DATA EXTRACT: Begin

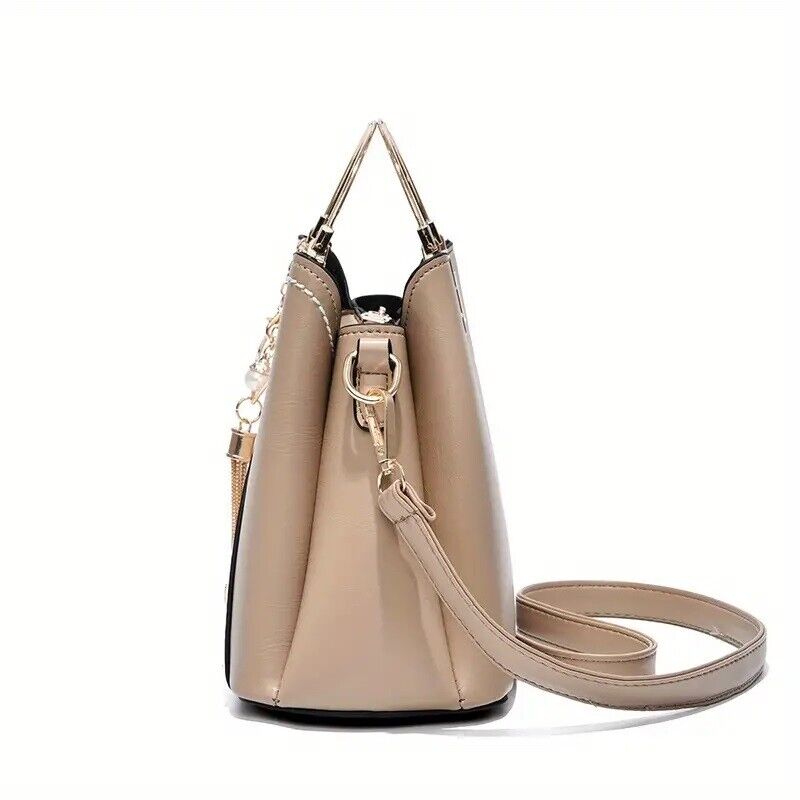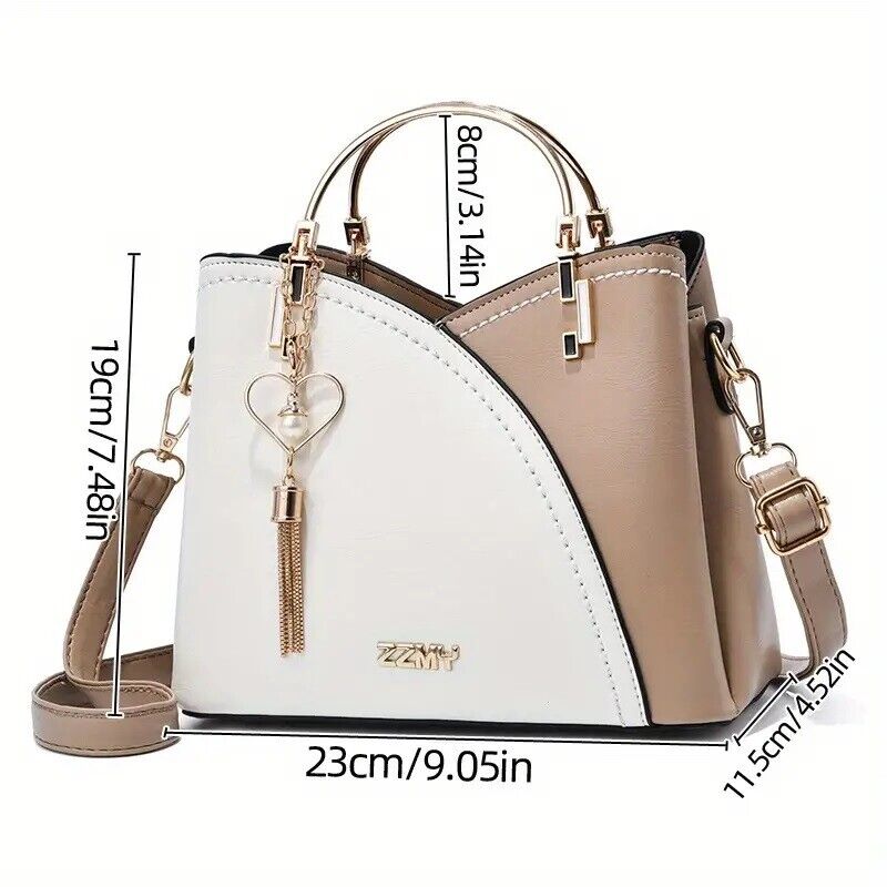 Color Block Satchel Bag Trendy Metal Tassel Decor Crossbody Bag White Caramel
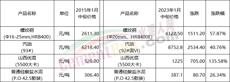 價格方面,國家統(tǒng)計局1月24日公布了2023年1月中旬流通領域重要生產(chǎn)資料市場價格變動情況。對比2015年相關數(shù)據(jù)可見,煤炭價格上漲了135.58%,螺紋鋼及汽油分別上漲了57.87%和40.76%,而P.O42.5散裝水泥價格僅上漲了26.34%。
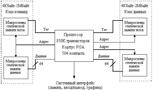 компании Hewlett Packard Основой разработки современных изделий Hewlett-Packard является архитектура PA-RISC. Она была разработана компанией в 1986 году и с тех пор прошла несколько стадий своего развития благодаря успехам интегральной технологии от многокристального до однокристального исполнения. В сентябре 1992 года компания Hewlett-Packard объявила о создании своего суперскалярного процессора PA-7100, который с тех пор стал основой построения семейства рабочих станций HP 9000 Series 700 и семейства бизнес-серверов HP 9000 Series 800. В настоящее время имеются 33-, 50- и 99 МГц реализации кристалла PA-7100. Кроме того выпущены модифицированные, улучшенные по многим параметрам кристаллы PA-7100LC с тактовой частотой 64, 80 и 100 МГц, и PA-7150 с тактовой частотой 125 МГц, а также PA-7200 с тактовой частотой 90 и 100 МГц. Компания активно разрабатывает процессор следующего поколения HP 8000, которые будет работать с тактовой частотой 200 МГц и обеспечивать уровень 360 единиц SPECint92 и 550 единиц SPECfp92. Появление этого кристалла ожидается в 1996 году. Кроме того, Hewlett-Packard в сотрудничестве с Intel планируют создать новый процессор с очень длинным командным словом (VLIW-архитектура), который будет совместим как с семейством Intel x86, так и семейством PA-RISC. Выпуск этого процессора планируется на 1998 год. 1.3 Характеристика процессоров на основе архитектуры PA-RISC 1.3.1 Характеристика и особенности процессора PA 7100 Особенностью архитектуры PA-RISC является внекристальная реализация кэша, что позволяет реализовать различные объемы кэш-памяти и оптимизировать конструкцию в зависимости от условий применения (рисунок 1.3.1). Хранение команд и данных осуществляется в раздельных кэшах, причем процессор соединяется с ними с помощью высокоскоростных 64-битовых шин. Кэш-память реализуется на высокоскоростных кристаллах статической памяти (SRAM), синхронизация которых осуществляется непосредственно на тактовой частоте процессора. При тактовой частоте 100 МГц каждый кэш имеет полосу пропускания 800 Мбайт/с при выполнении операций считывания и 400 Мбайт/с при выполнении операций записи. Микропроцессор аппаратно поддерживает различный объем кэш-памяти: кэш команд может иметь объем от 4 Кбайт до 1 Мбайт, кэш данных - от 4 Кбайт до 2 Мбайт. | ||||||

DATA EXTRACT: End

ACTIVITY => The material above must be printed exactly, with its pictures left out.

COMPLETED TASK =>
 Color Block Satchel Bag Trendy Metal Tassel Decor Crossbody Bag White Caramel
 價格方面,國家統(tǒng)計局1月24日公布了2023年1月中旬流通領域重要生產(chǎn)資料市場價格變動情況。對比2015年相關數(shù)據(jù)可見,煤炭價格上漲了135.58%,螺紋鋼及汽油分別上漲了57.87%和40.76%,而P.O42.5散裝水泥價格僅上漲了26.34%。
 компании Hewlett Packard Основой разработки современных изделий Hewlett-Packard является архитектура PA-RISC. Она была разработана компанией в 1986 году и с тех пор прошла несколько стадий своего развития благодаря успехам интегральной технологии от многокристального до однокристального исполнения. В сентябре 1992 года компания Hewlett-Packard объявила о создании своего суперскалярного процессора PA-7100, который с тех пор стал основой построения семейства рабочих станций HP 9000 Series 700 и семейства бизнес-серверов HP 9000 Series 800. В настоящее время имеются 33-, 50- и 99 МГц реализации кристалла PA-7100. Кроме того выпущены модифицированные, улучшенные по многим параметрам кристаллы PA-7100LC с тактовой частотой 64, 80 и 100 МГц, и PA-7150 с тактовой частотой 125 МГц, а также PA-7200 с тактовой частотой 90 и 100 МГц. Компания активно разрабатывает процессор следующего поколения HP 8000, которые будет работать с тактовой частотой 200 МГц и обеспечивать уровень 360 единиц SPECint92 и 550 единиц SPECfp92. Появление этого кристалла ожидается в 1996 году. Кроме того, Hewlett-Packard в сотрудничестве с Intel планируют создать новый процессор с очень длинным командным словом (VLIW-архитектура), который будет совместим как с семейством Intel x86, так и семейством PA-RISC. Выпуск этого процессора планируется на 1998 год. 1.3 Характеристика процессоров на основе архитектуры PA-RISC 1.3.1 Характеристика и особенности процессора PA 7100 Особенностью архитектуры PA-RISC является внекристальная реализация кэша, что позволяет реализовать различные объемы кэш-памяти и оптимизировать конструкцию в зависимости от условий применения (рисунок 1.3.1). Хранение команд и данных осуществляется в раздельных кэшах, причем процессор соединяется с ними с помощью высокоскоростных 64-битовых шин. Кэш-память реализуется на высокоскоростных кристаллах статической памяти (SRAM), синхронизация которых осуществляется непосредственно на тактовой частоте процессора. При тактовой частоте 100 МГц каждый кэш имеет полосу пропускания 800 Мбайт/с при выполнении операций считывания и 400 Мбайт/с при выполнении операций записи. Микропроцессор аппаратно поддерживает различный объем кэш-памяти: кэш команд может иметь объем от 4 Кбайт до 1 Мбайт, кэш данных - от 4 Кбайт до 2 Мбайт. | ||||||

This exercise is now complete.